ABUJA (Reuters) - Nigeria’s military said on Monday that at least 150 people had been killed in clashes with Islamists in the northeastern town of Baga, giving a rare official death toll a few weeks before presidential elections in which security is a big issue.
Defense spokesman Major-General Chris Olukolade was reacting to reports that some 2,000 had been killed by Boko Haram insurgents who took control of Baga and the surrounding area 10 days ago. The military is fighting to reclaim it.
Scores of civilians were killed when the militants, who are fighting to establish an Islamic state in northern Nigeria, raided Baga and a nearby military base. The base is also the headquarters of a multinational force with troops from Chad, Niger and Cameroon.
Witnesses who escaped to neighboring towns and Borno state capital Maiduguri said the insurgents razed buildings and homes and killed dozens of civilians in subsequent raids last week.
Thousands of refugees have fled Baga to neighboring Chad or been displaced within Nigeria.

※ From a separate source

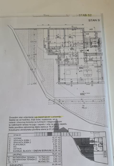Netto površina zatvorenog dijela stana je 78,47 m2, a a obračunska površina iznosi 91,29 m2.
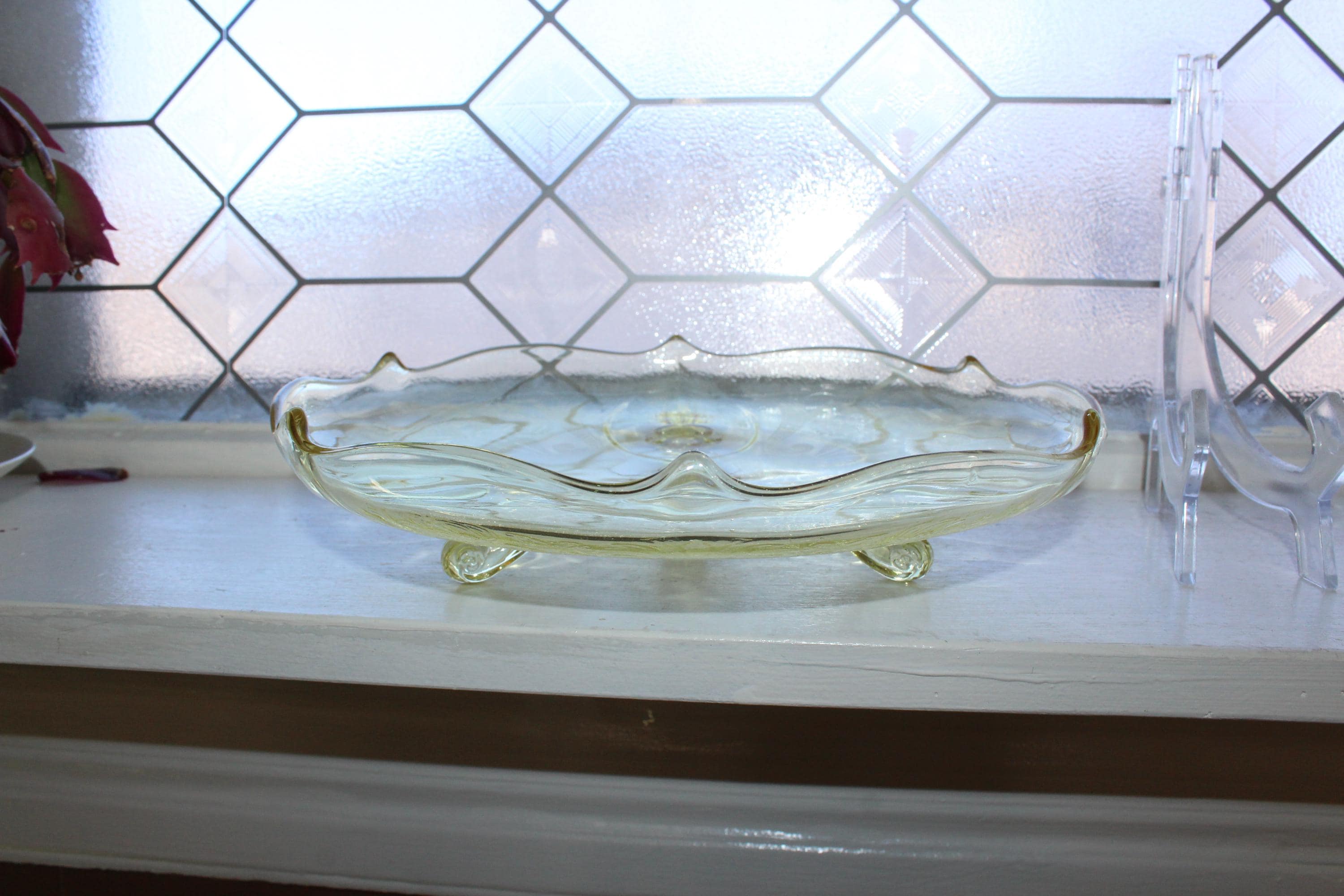 Vintage yellow depression glass Lancaster Jubilee footed bowl, in excellent condition. It measures 10" wide and has no chips or cracks. Enjoy!

“Terrible atrocities have been committed against innocent Nigerians in Baga by the rampaging terrorists who attacked and have been operating in the town since 3 January,” Olukolade said at a news conference.

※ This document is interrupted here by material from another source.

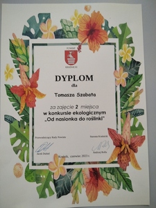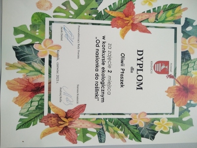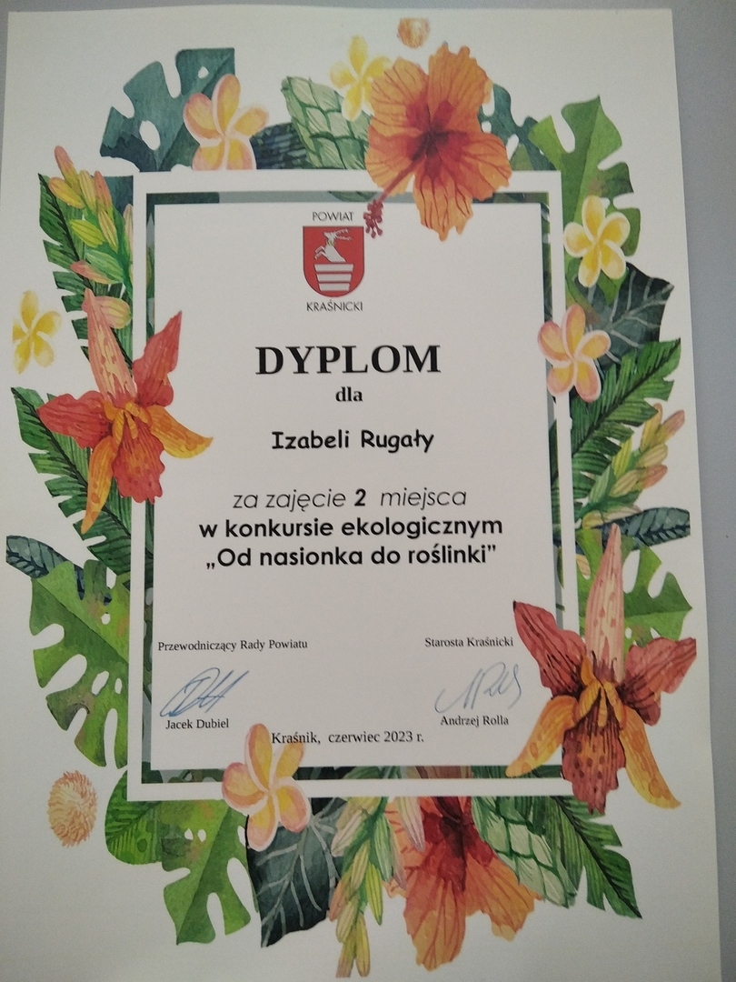 Wydział Rolnictwa i Ochrony Środowiska Starostwa Powiatowego w Kraśniku zorganizował konkurs ekologiczny „Od nasionka do roślinki”. Zadaniem uczestników konkursu była samodzielna uprawa 3 różnych gatunków roślin: rozpoczynająca się od zasiania nasion, poprzez pielęgnację do wyhodowania rośliny, a także fotografowanie i opisywanie poszczególnych etapów uprawy w formie kroniki (do 8 zdjęć jednej roślinki). Dnia 21 czerwca 2023 roku w sali konferencyjnej Zespołu Szkół nr 3 w Kraśniku nastąpiło podsumowanie konkursu i wręczenie nagród. Uczniowie naszej szkoły zajęli II miejsce a tym samym otrzymali dyplomy i nagrody.

“From all available evidence, the number of people who lost their lives during that attack has so far not exceeded about 150 ... including ... terrorists who were bearing arms and got killed in the course of ... battle with troops.”
The military has a habit of understating death tolls, while local politicians tend to overstate them.
“Many residents have left, leaving the population in the town almost seriously depleted,” Olukolade said.
Boko Haram has killed thousands in a five-year-old rebellion which is seen as the biggest security threat to Africa’s top oil producer and is a headache for President Goodluck Jonathan ahead of what is likely to be a closely fought vote on Feb. 14.
A southern Christian, he faces Muhammadu Buhari, a northern Muslim and former military ruler regarded as tough on security.